Some Aboriginal leaders expressed frustration this week that details of the inquiry have yet to be released.

Others are angry that preliminary terms of reference suggest the inquiry will not focus on police conduct in the more than 1,200 cases of missing or murdered indigenous women across the nation.

But Dawn Lavell-Harvard says the process is still unfolding and it’s too soon to pass judgment.

“It’s important to do this right because we get one chance at this,” she tells Yahoo Canada News. “It’s more important to get it right than to meet a particular deadline.”

The federal government announced the inquiry in December.

Lavell-Harvard is frustrated that the terms of reference were leaked to media this week, because she says it’s premature.

“We’re so disappointed that this leak has created a lot of confusion and disruption and disrespected families. This was supposed to be a families-first process,” she says.

“It’s disrupted this entire process midstream.

“It’s still being worked on.”

At the annual general gathering of the Assembly of First Nations this week, regional chief Shane Gottfriedson said the launch of the inquiry is dragging on.
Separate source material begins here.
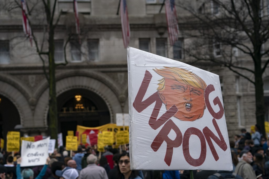 At least 200 people gathered outside the White House as part of a wave of rallies called by left-leaning organizations against starting a war with Iran after the US killing of Qasem Soleimani on January 3, 2020, in Baghdad, Iraq.

But Wally Oppal, the former B.C. attorney general and judge who presided over the Missing Women Commission of Inquiry in that province, says the federal government faces many challenges in organizing such a sweeping inquiry.

“This is a very difficult issue and what we need to do is be inclusive and get the advice of the Aboriginal communities that have long been victims of injustices and violence and do this thing fairly.”

The federal inquiry should draw on previous reports and investigations, including the Truth and Reconciliation Commission report and his own, completed in 2012.

The B.C. inquiry, which stemmed from the murders committed by serial killer Robert Pickton, included 93 days of testimony and nearly 100 witnesses.

Oppal says it was the most difficult thing he’s ever done, in a long career that included dozens of homicides as a special prosecutor, many years as a judge and five public inquiries.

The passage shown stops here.